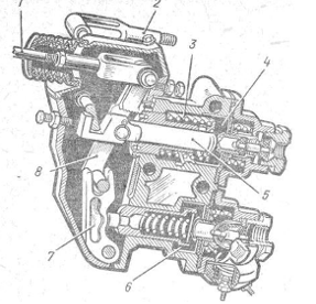 - шток; 5 - сідло випускного клапана; 6 - випускний клапан; 7 - впускний
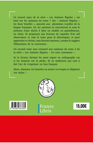 Ce nouvel opus de la série « Les Animots Rigolos » est basé sur les animaux du tome 1 des « Animots Rigolos - les Sons Voyelles », associés aux phonèmes voyelles de la langue française. Ici, les animaux se rencontrent et sous le prétexte d’une dictée à faire en totalité ou partiellement, au choix, ils proposent aux lecteurs de regarder d’un œil observateur et rusé le texte pour le décortiquer, et pour apprendre et réviser, sans devenir marteau, comme le suggère l’illustration de la couverture.
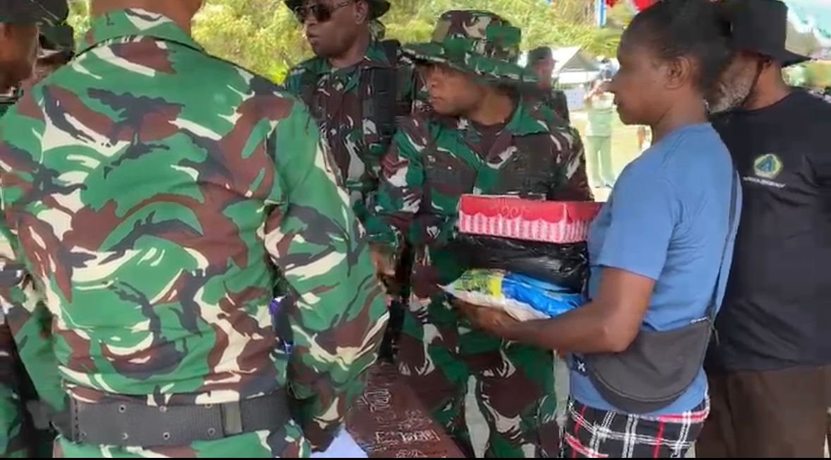 Kaimana – Program TNI Manunggal Membangun Desa (TMMD) ke-127 tidak hanya fokus pada pembangunan infrastruktur, tetapi juga melaksanakan sejumlah kegiatan nonfisik yang memberikan dampak positif bagi masyarakat. Salah satu kegiatan tersebut adalah pembagian sembako yang dilaksanakan di Kampung Marsi, Distrik Kaimana, Kabupaten Kaimana.
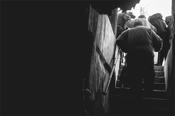 Я попросил сделать пару кадров, Даша стала позировать. Глядя на нее, невозможно было поверить, что уже месяц она живет на войне. Ее глаза не были теми, что показали на фотовыставке «Взгляни в глаза Донбасса». Даше удалось сохранить ту детскую беззаботность, чего нельзя сказать о ее старших друзьях. Дети, что не выходили из подвала, были абсолютно такими же, как с фотографий военкоров. Я сделал несколько кадров. В этот момент вновь начала греметь артиллерия.
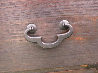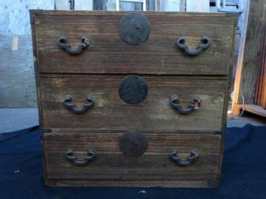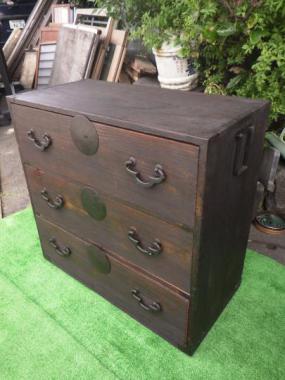 中央の鍵穴のかたちがレトロ感を彷彿とさせます。使い勝手のよい三段の引き出し。引手や鍵の金具が大振りでどしっと構えた頼もしい表情。それでいて質素な雰囲気なので普段の生活にそっと馴染んでくれそうな和箪笥です。材は桐です。塗料は「春風」の「ココナツ」というものを使用しています。塗料の詳細はこちらhttp://www.sanyu-paint.co.jp/product/sp_harukaze
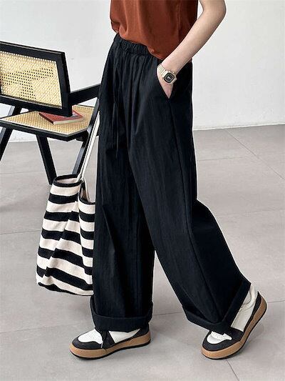 ワイドパンツ レディース タックパンツ カーゴパンツ ボトムス 春 夏 秋 無地 楽チン ロング丈 ウエストゴム ガウチョパンツ チノパンツ ワークパンツ ストレート 体型カバー ロング 楽ちん シン
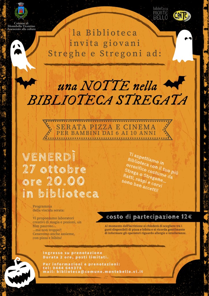 Si chiama “Una notte nella biblioteca stregata” ed è in programma venerdì 27 ottobre, a partire dalle 20. Il programma prevede laboratori creativi di magia e pozioni, la visione di un film pauroso… ma non troppo e la cena in compagnia a base di pizza.
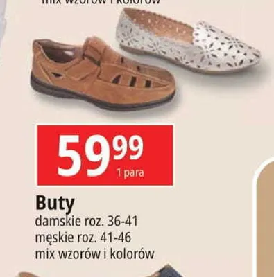 Cena produktu r贸偶ni si臋 w zale偶no艣ci od wybranego sklepu. Produkt Buty m臋skie 41-46 mo偶esz kupi膰 w promocji ju偶 od 69,9 z艂 do 79,9 z艂. Najta艅sza oferta, jak膮 mamy w naszej bazie jest z sieci Biedronka. Buty m臋skie 41-46 kosztuje aktualnie 69,9 z艂. Zobacz ofert臋
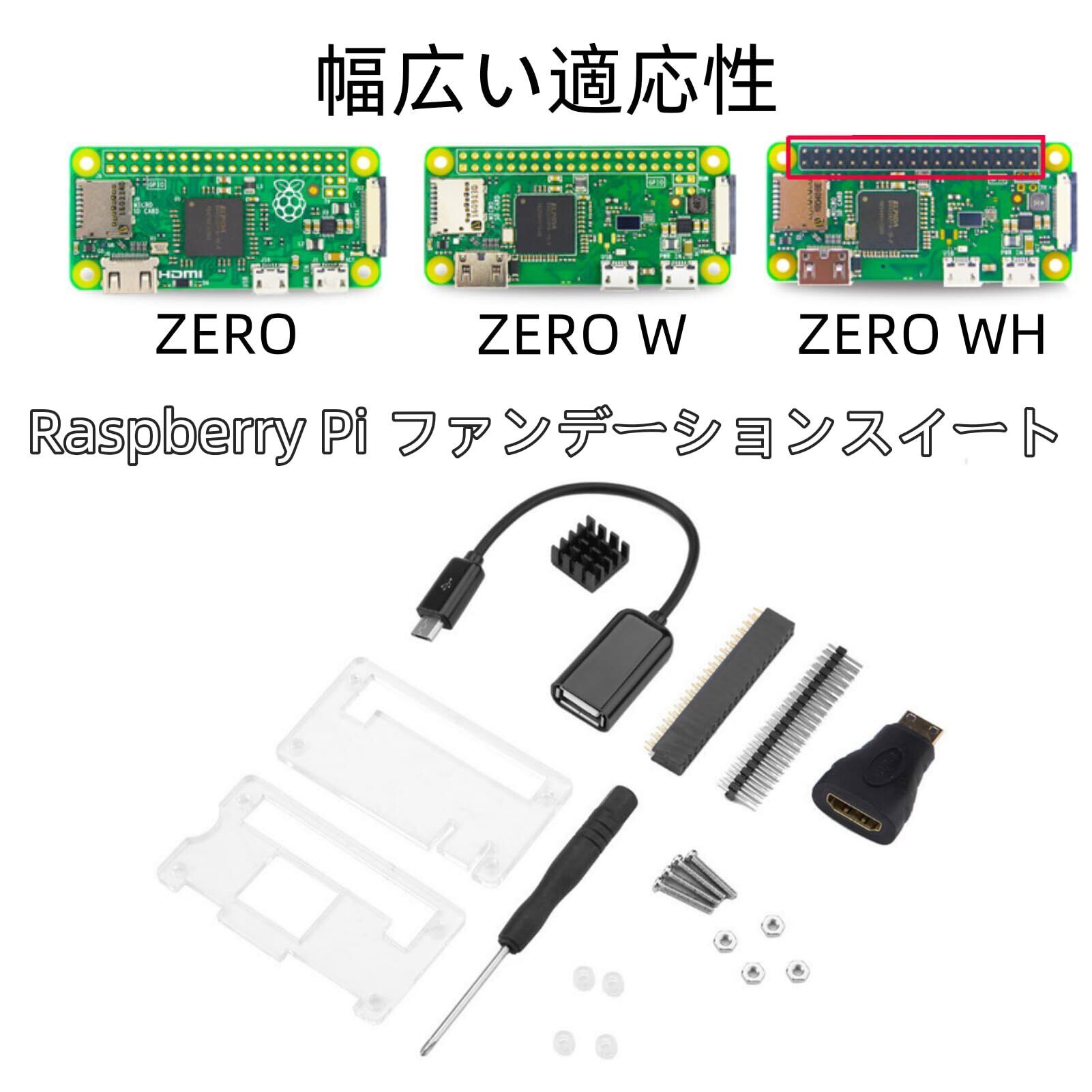 ファンデーションキット Zero WH スターターセット アクリルケース ヒートシンク miniHDMIアダプター GPIO 40ピン コネクタ ネジドライバー
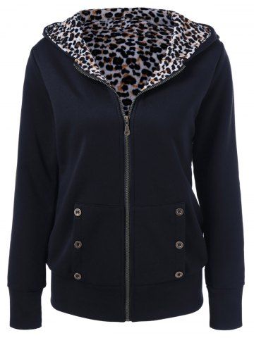 Sudadera Tallas Extra Leopardo Cremallera con Capucha - Negro - Negro
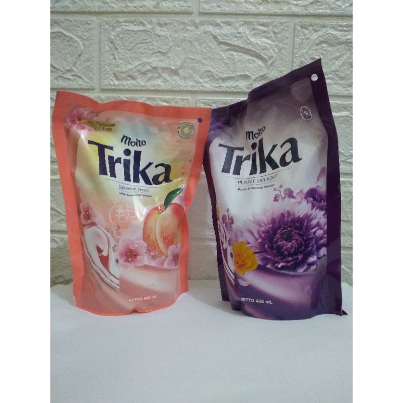 Molto Trika melembutkan lipatan sekaligus melindungi setrika Anda dari kerak.Pengharum dan pelicin pakaian dengan sentuhan keharuman dari perpaduan herbal, lavender, dan melati yang memberi keharuman segar dan membuat pakaian mudah disetrika.Keunggulan lainnya:Wangi yang harum dan segarMudah diset
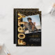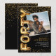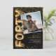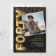 Invitation moderne pour les 40 ans avec un fond noir élégant, un modèle de photo à remplacer par le vôtre, une dispersion de confettis dorés, des ballons d'hélium dorés qui épellent "quarante", et un modèle de texte de fête élégant facile à personnaliser.
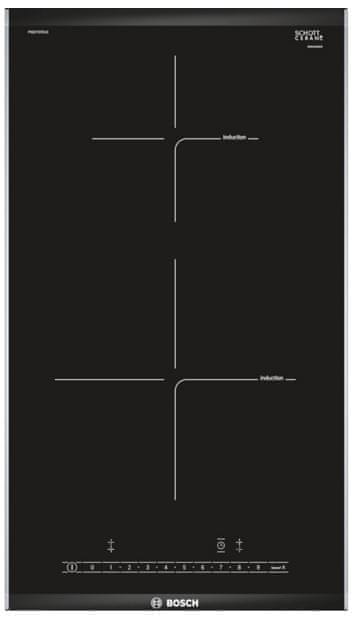 Indukcijska ploča za kuhanje Bosch PIB375FB1E s dva polja za kuhanje ima DirectSelect upravljanje i 17 stupnjeva snage. Odlikuje ju PowerBoost tehnologija za veću snagu rada. Ima timer i ComfortProfil elegantan dizajn.
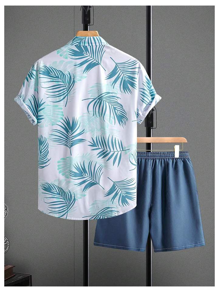 Ensemble deux pièces pour homme : chemise à manches courtes imprimée et short de plage assorti – Tenue décontractée estivale colorée pour les vacances
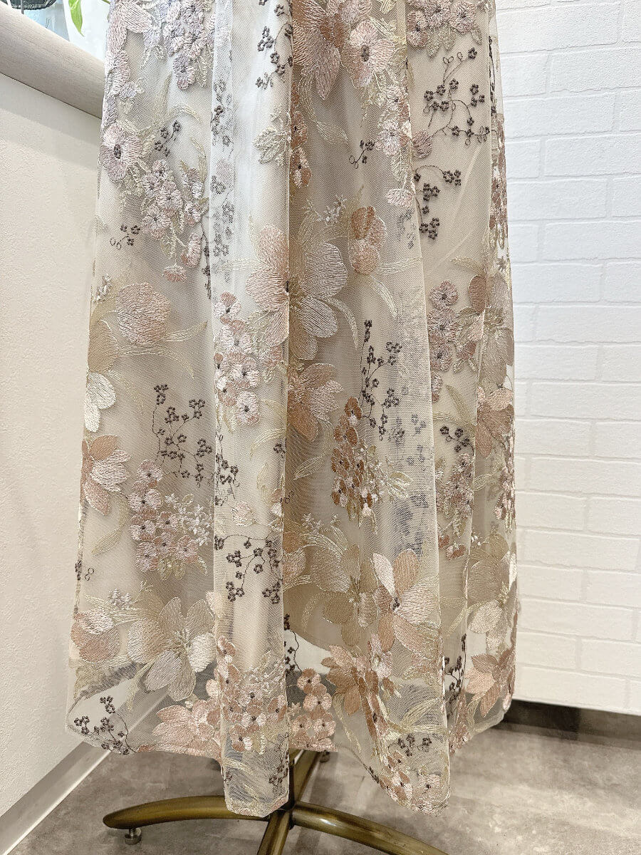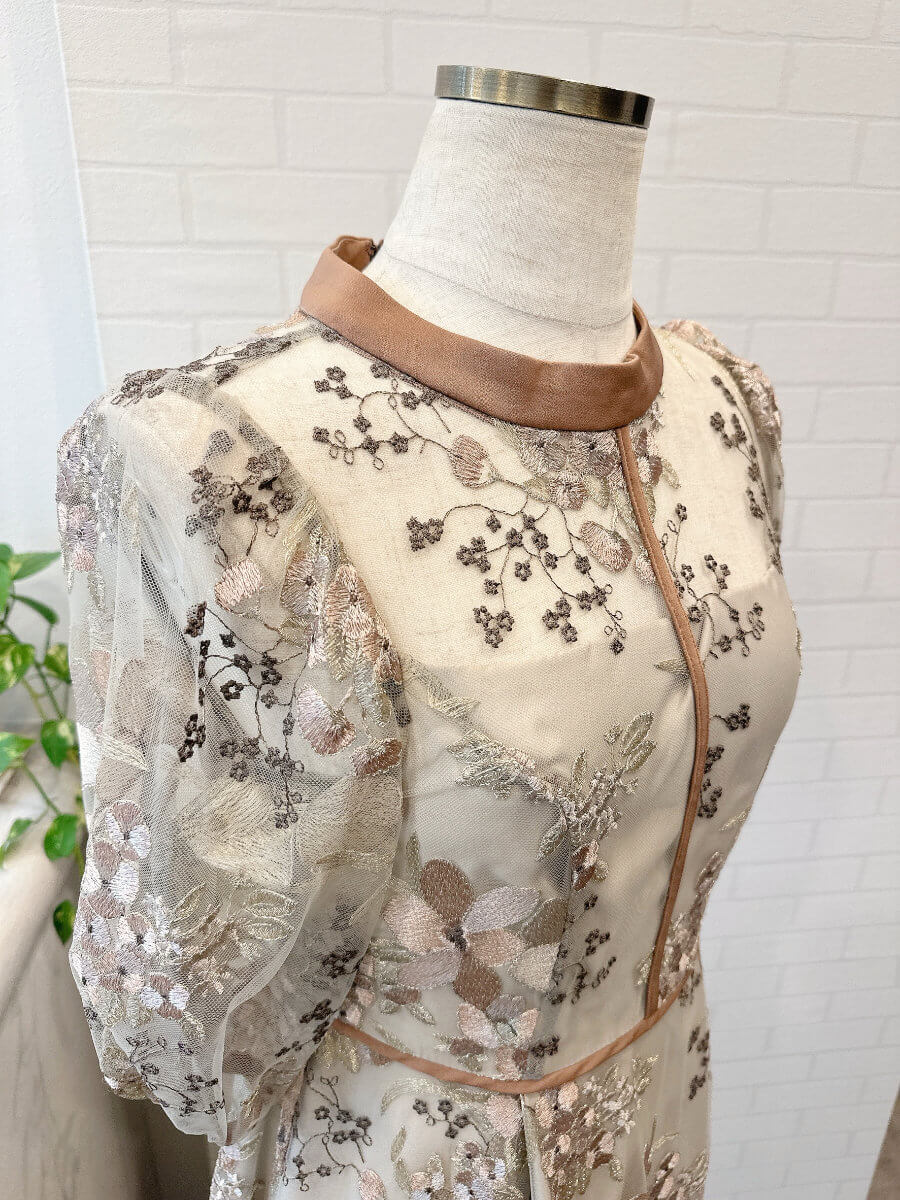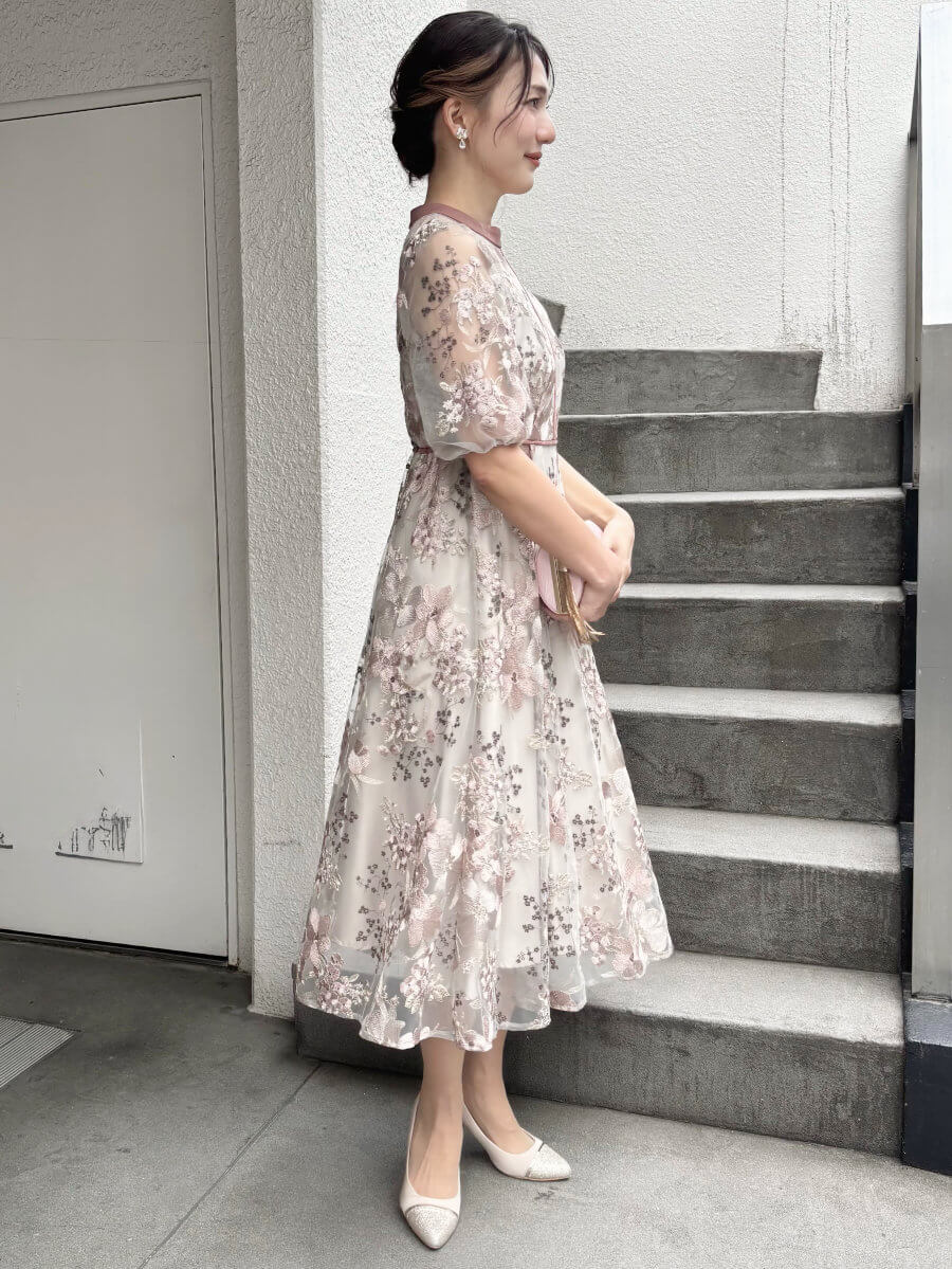 ◇商品について:光沢のある刺繍糸でデザインされた華やかなドレスです。ウエストと袖口にはゴムが採用されており伸縮性があります。切り返し部分に色味のあるステッチを入れることでメリハリがあります。人気のくすみ系のお色で華やかさの中に上品さがあります。レース部分は透け感がありますので下着にはお気を付けください。

Work order → Drop the images, then copy the data exactly.

Answer box →
 - шток; 5 - сідло випускного клапана; 6 - випускний клапан; 7 - впускний
 Ce nouvel opus de la série « Les Animots Rigolos » est basé sur les animaux du tome 1 des « Animots Rigolos - les Sons Voyelles », associés aux phonèmes voyelles de la langue française. Ici, les animaux se rencontrent et sous le prétexte d’une dictée à faire en totalité ou partiellement, au choix, ils proposent aux lecteurs de regarder d’un œil observateur et rusé le texte pour le décortiquer, et pour apprendre et réviser, sans devenir marteau, comme le suggère l’illustration de la couverture.
 Kaimana – Program TNI Manunggal Membangun Desa (TMMD) ke-127 tidak hanya fokus pada pembangunan infrastruktur, tetapi juga melaksanakan sejumlah kegiatan nonfisik yang memberikan dampak positif bagi masyarakat. Salah satu kegiatan tersebut adalah pembagian sembako yang dilaksanakan di Kampung Marsi, Distrik Kaimana, Kabupaten Kaimana.
 Я попросил сделать пару кадров, Даша стала позировать. Глядя на нее, невозможно было поверить, что уже месяц она живет на войне. Ее глаза не были теми, что показали на фотовыставке «Взгляни в глаза Донбасса». Даше удалось сохранить ту детскую беззаботность, чего нельзя сказать о ее старших друзьях. Дети, что не выходили из подвала, были абсолютно такими же, как с фотографий военкоров. Я сделал несколько кадров. В этот момент вновь начала греметь артиллерия.
 中央の鍵穴のかたちがレトロ感を彷彿とさせます。使い勝手のよい三段の引き出し。引手や鍵の金具が大振りでどしっと構えた頼もしい表情。それでいて質素な雰囲気なので普段の生活にそっと馴染んでくれそうな和箪笥です。材は桐です。塗料は「春風」の「ココナツ」というものを使用しています。塗料の詳細はこちらhttp://www.sanyu-paint.co.jp/product/sp_harukaze
 ワイドパンツ レディース タックパンツ カーゴパンツ ボトムス 春 夏 秋 無地 楽チン ロング丈 ウエストゴム ガウチョパンツ チノパンツ ワークパンツ ストレート 体型カバー ロング 楽ちん シン
 Si chiama “Una notte nella biblioteca stregata” ed è in programma venerdì 27 ottobre, a partire dalle 20. Il programma prevede laboratori creativi di magia e pozioni, la visione di un film pauroso… ma non troppo e la cena in compagnia a base di pizza.
 Cena produktu r贸偶ni si臋 w zale偶no艣ci od wybranego sklepu. Produkt Buty m臋skie 41-46 mo偶esz kupi膰 w promocji ju偶 od 69,9 z艂 do 79,9 z艂. Najta艅sza oferta, jak膮 mamy w naszej bazie jest z sieci Biedronka. Buty m臋skie 41-46 kosztuje aktualnie 69,9 z艂. Zobacz ofert臋
 ファンデーションキット Zero WH スターターセット アクリルケース ヒートシンク miniHDMIアダプター GPIO 40ピン コネクタ ネジドライバー
 Sudadera Tallas Extra Leopardo Cremallera con Capucha - Negro - Negro
 Molto Trika melembutkan lipatan sekaligus melindungi setrika Anda dari kerak.Pengharum dan pelicin pakaian dengan sentuhan keharuman dari perpaduan herbal, lavender, dan melati yang memberi keharuman segar dan membuat pakaian mudah disetrika.Keunggulan lainnya:Wangi yang harum dan segarMudah diset
 Invitation moderne pour les 40 ans avec un fond noir élégant, un modèle de photo à remplacer par le vôtre, une dispersion de confettis dorés, des ballons d'hélium dorés qui épellent "quarante", et un modèle de texte de fête élégant facile à personnaliser.
 Indukcijska ploča za kuhanje Bosch PIB375FB1E s dva polja za kuhanje ima DirectSelect upravljanje i 17 stupnjeva snage. Odlikuje ju PowerBoost tehnologija za veću snagu rada. Ima timer i ComfortProfil elegantan dizajn.
 Ensemble deux pièces pour homme : chemise à manches courtes imprimée et short de plage assorti – Tenue décontractée estivale colorée pour les vacances
 ◇商品について:光沢のある刺繍糸でデザインされた華やかなドレスです。ウエストと袖口にはゴムが採用されており伸縮性があります。切り返し部分に色味のあるステッチを入れることでメリハリがあります。人気のくすみ系のお色で華やかさの中に上品さがあります。レース部分は透け感がありますので下着にはお気を付けください。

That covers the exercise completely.